That is the true answer, which I'll give you. We are happy with the acquisition. If you look at the top line, one of the main reasons for the acquisition was not the growth of ceramics. One of the main rationale was to grow -- faster growth of Installation & Flushing Systems. We have been able to accelerate the growth of behind-the-wall systems to around 6% annual growth over the last 3, 4 years, thanks to the synergies with ceramics. That was the main rationale. Secondly, we are much stronger in the shower toilet business nowadays compared to 3 years ago for Sanitec. You will have realized that we completely renewed the portfolio for shower toilet that was also driven and strongly supported by the acquisition of Sanitec.The reason why we are not in our midterm growth range of 4% to 6% -- also this year, we do not expect to be there -- is not driven by Sanitec, it's driven by the market effect. The 3 largest markets that we are operating: Germany, Switzerland and the Nordics. They are not growing at normal growth levels. Germany, we have the constraints of installers. In Switzerland, the market is doing very well, but on a very high level. It's not growing again like we have seen it between 2007, 2014. And in the Nordics, as you know, the building construction market, especially in some countries, is really starting to be in a typical decline. Therefore, coming back to the overall answer, we are happy with the acquisition and integration. Of course, on a detailed level, not everything is perfect, but overall, the picture is fine for us.
Okay. And about the implementation of all these cross-selling potential and synergies and so on, how much of that is now already effective? And is there still more to come?

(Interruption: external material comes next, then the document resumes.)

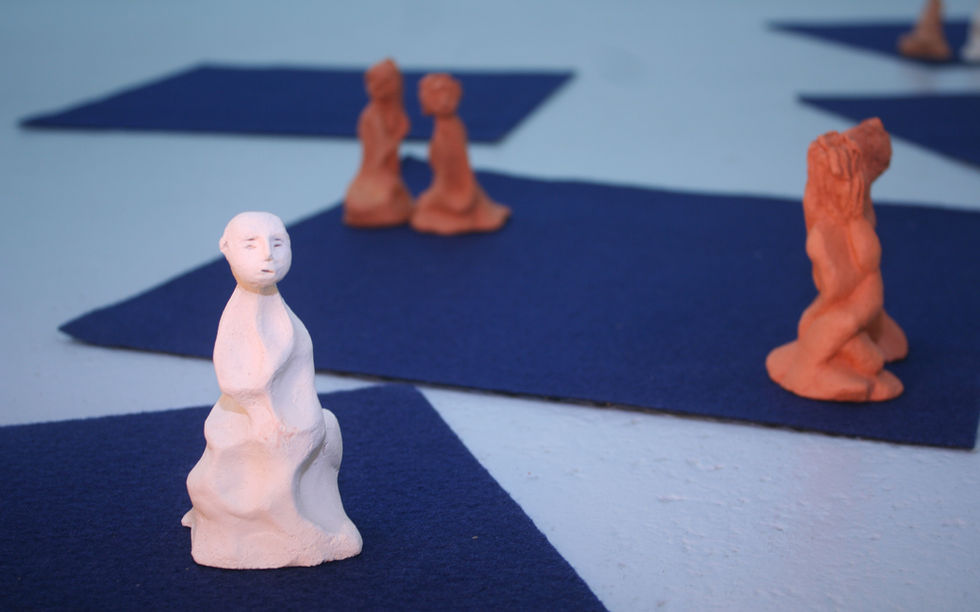 is hosting CREATING HOME (Steps 1-2-3), a solo installation across three large rooms in this villa museum from 7 June to 8 July 2018, concurrently with the World Cup. Inspired both by the architectural drawings displayed at the museum and by her 2015 interactive project with newcomers to Switzerland called WHAT WE DIDN'T LEAVE BEHIND, viewers follow a metaphorical journey creating a new home in a new place. There are three steps to this journey to a new home accompanying 62 small, amorphous figures as they push through a sea of hope-filled balloons, ride a magic carpet of the homes of their dreams, and find themselves in an unfinished city of homes built precariously on the memories and artefacts they brought with them. Materials used: terracotta, latex, ribbon, text, blueprints, cyanotype, cork, paper, felt and original sound.
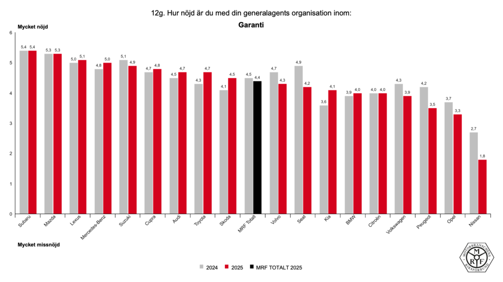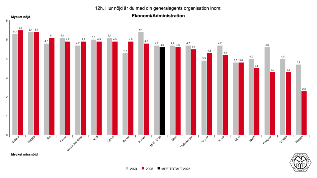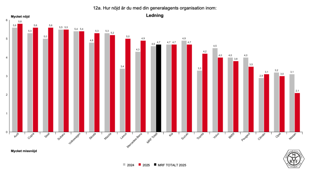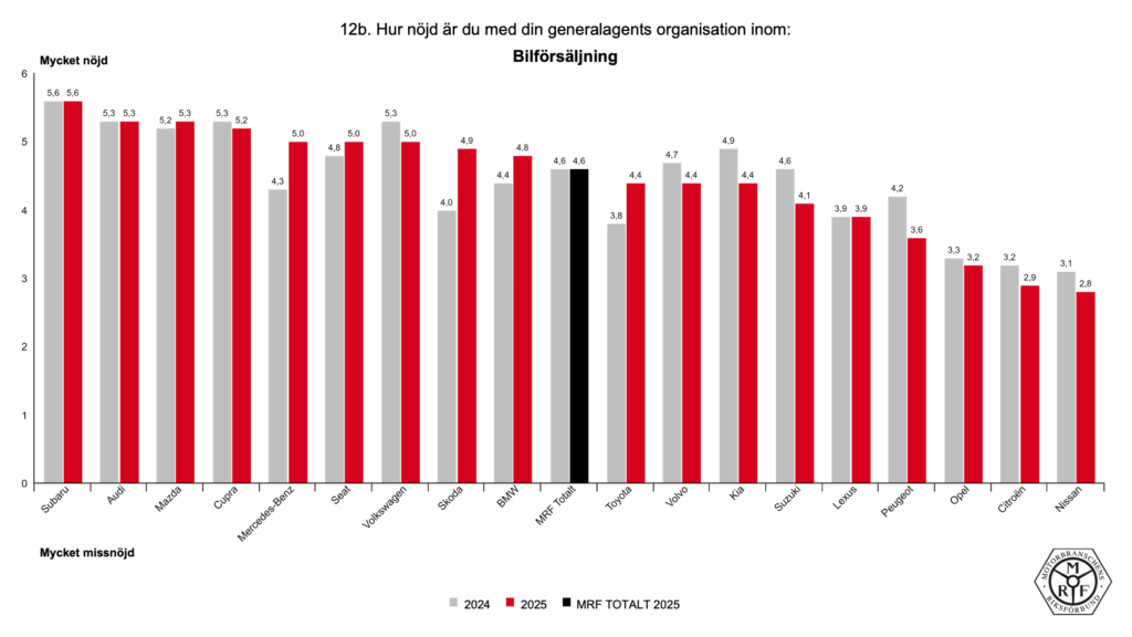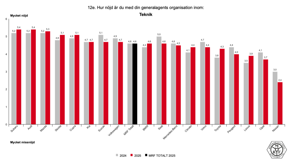 12. Organisation 01. LYHÖRDHET FÖR SYNPUNKTER 02. MARKNADSFÖRING 03. NYBILSFÖRSÄLJNING 04. PROBLEMHANTERING 05. BEGAGNATHANTERING 06. SÄLJARUTBILDNING 07. SERVICEMARKNADSFRÅGOR 08. GARANTISYSTEM 09. SERVICEUTBILDNING (FÖRBRÄNNINGSMOTORER & TRAD. DRIVLINA) 10. SERVICEUTBILDNING (ELEKTRIFIERING) 11. ÅF-UTVECKLING 12. ORGANISATION 13. SAMARBETE MED MÄRKESFÖRENING 14. TOTAL NÖJDHET

As I said before, the main synergy for sales is on Installation & Flushing Systems. We are growing by 6%, at least 16 of the 18 -- or the first 9 months this year, we are growing strongly. For example, the 8.7% growth of Installation & Flushing Systems in Q3 was driven by double-digit growth in the European expansion markets due to the synergies of ceramics. We do not expect a further acceleration of that business due to the synergies in ceramics. That's the level which we're going to keep in terms of growth aspiration for the future in these European expansion markets.
The next question is from Pierre Rousseau, Barclays.
The first one is on Bathroom Systems. I think there's an inflection point there in terms of revenue growth. Could you maybe elaborate on what is driving that? We've talked about the better pricing earlier. But in terms of volumes, what's driving it? And what are your initiatives behind that? And what could we potentially expect in terms of incremental initiatives into 2020? And I'll go for the second question after your answer.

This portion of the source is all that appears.